I have (15) WS-C3650-48PD switches daisy-chained together with the SFP ports and fiber. I have added an additional VLAN (#2) to each switch.

24 ports are assigned to vlan 1 with device IP ranges from 192.168.0.x - 192.168.3.x 

24 ports are assigned to vlan 2 with device IP ranges from 192.167.0.x - 192.167.3.x

I have a computer (IP of plugged into SWITCH #1 into one of the VLAN 1 ports. 

I need to manage each switch with telnet (I know, not secure). I have created a new IP address on EACH switch for each VLAN 1, so I have used 15 IP addresses just to manage the switches. Is this correct? It works, I can telnet or http to each switch, but I am confused as to where I need this many addresses for all the switches. I have seen documentation that says a VLAN only needs one IP address.

Maybe I am confusing a management VLAN with a VLAN or VLAN interface.

I just need to manage the switches with telnet / http at this point. Is the multiple address for telnet/ or http the way to go, or can I jump through switch 1 to the others somehow without the need for individual addresses on each switch?

Thanks for your time..

2 Replies 2


Yes, you are correct in that each switch would need its own management IP. 

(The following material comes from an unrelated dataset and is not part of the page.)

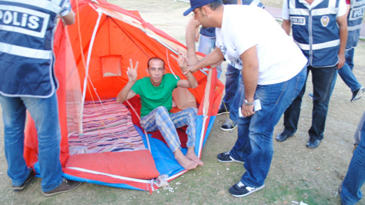 Taksim Gezi Parkı'nda yaşanan protestolara destek vermek amacıyla İzmir'deki eylemlerini çadırlarda sürdüren eylemcilere polis operasyon düzenledi. Taksim Gezi Parkı'nda yaşanan protestolara destek vermek amacıyla İzmir'deki eylemlerini Gündoğdu Meydanı ve 1. Kordon'da kurdukları çadırlarda sürdüren eylemcilere operasyon düzenlendi. Polis ekipleri, eylemcilere çadırlarını kaldırmaları konusunda defalarca uyarıda bulundu. Eylemcilerin çadırları kaldırmayarak polise direnmeleri üzerine polis ekipleri eylemcilerden 34’ünü gözaltına aldı. Meydanda ve 1. Kordon’da bulunan çadırlar yerlerinden söküldü. İzmir Valisi Mustafa Toprak, dün eylemci gruplar arasından seçilen 8 kişilik heyeti kabul etmiş, çadır eyleminin turizm ve ticareti olumsuz etkilediğini belirterek çadırların kaldırılmasını istemişti. Grup üyeleri ise görüşmenin ardından Gündoğdu Meydanı’nda basın açıklaması yaparak cumartesi gününe kadar çadırları kaldırmayacaklarını açıklamıştı. Bu gelişmelerin ardından 17 gündür Gündoğdu Meydanı ve 1.Kordon’da kurdukları çadırlarda kalan eylemcilere yönelik sabah saatlerinde operasyon düzenlendi. Çevik Kuvvet polisi desteğinde harekete geçen polis ekipleri, çadırların bulunduğu alana geldi. Polisin geldiğini fark ederek bir araya toplanan eylemciler ise polise engel olmak için tek sıra halinde dizildi. İzmir Emniyet Müdür Yardımcısı, eylemcilerin temsilcilerine, çadırları kendilerinin kaldırmasını istedi. Eylemci temsilcileri ise çadırları kaldırmayacaklarını belirtti. Çağrılara olumsuz yanıt gelmesi üzerine polisler harekete geçti. Polisle eylemciler arasında çıkan arbedede 34 eylemci gözaltına alındı. Polis ekipleri, alanda bulunan çok sayıda çadırı yerinden sökerek kamyona yükledi. Operasyon sürerken bir grup ise halka oluşturarak gitar ve bağlama eşliğinde şarkılar söyledi.

A VLAN does only need one IP address (although it could have secondary IPs). The key is that this statement applies to the VLAN interface that acts as the default gateway/routed layer 3 interface for the network.

Assuming each of the 15 access switches are strictly layer 2 devices, the VLAN 1 interface on each only define the switch as a host on that network / VLAN. Just like any other host they need to have a default gateway defined if you wish to access them from a different subnet.

Finally, it is not uncommon to define a VLAN just for switch management. If you did something like this, you'd have to define that VLAN as the native VLAN on the trunk ports between the access switches.

Hope this helps

Thanks for the additional information.